El CNE estudiará la solicitud para revocar la inscripción de la aspirante.
Redacción Extra
La Procuraduría Regional de Instrucción del Meta trasladó al Consejo Nacional Electoral (CNE) una solicitud para que se revise la inscripción de Ximena Calderón como candidata a la Cámara de Representantes por el departamento del Meta, en el marco de una investigación penal que se adelanta en su contra por presunto enriquecimiento ilícito y otros delitos.
Actuación
La actuación se origina en un derecho de petición presentado por el ciudadano Manuel Eduardo Herrera, quien solicitó evaluar si existen causales legales o constitucionales que permitan revocar la inscripción de la aspirante al Congreso. De acuerdo con la Procuraduría, corresponde al CNE analizar el caso y determinar si procede o no la revocatoria, al ser la autoridad competente para tomar este tipo de decisiones en materia electoral.
A definir
En el documento remitido, el procurador Javier Eduardo Sandoval explicó que el órgano electoral deberá revisar los argumentos expuestos y definir las acciones a seguir, conforme a la normativa vigente.
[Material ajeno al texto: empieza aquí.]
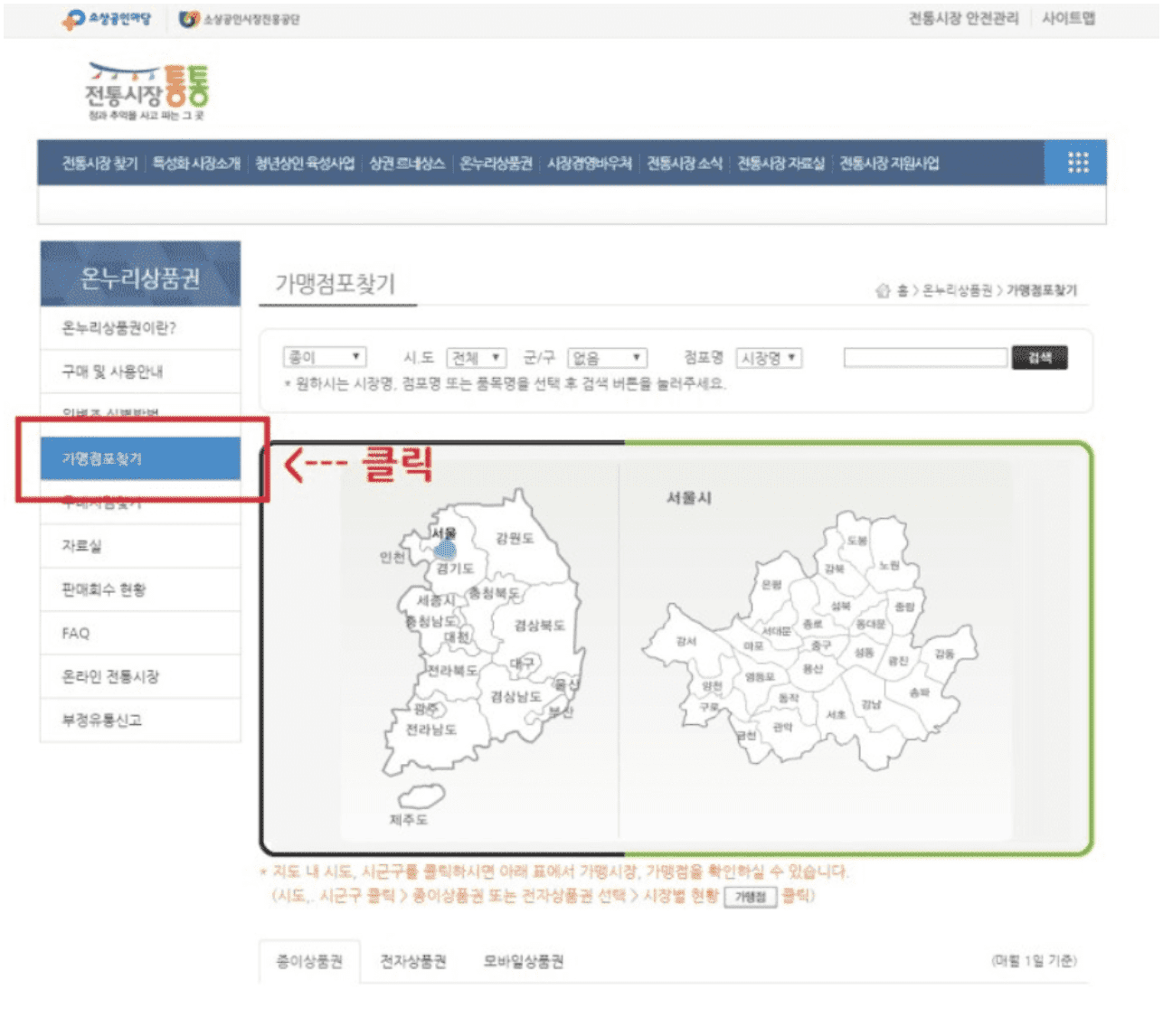 온누리상품권 - 가맹점포찾기 클릭 합니다.

Este trámite se conoce mientras avanza de manera paralela una investigación de la Fiscalía General de la Nación.
Asumida
Según la información conocida, la investigación penal dejó de estar en una dependencia ordinaria y fue asumida por la Dirección Especializada contra la Corrupción, instancia que se encarga de los procesos de mayor complejidad. La Fiscalía indaga desde marzo de 2025 el origen del patrimonio de la exdiputada, el cual, según la denuncia, no coincidiría con los ingresos reportados durante más de 20 años de vida pública.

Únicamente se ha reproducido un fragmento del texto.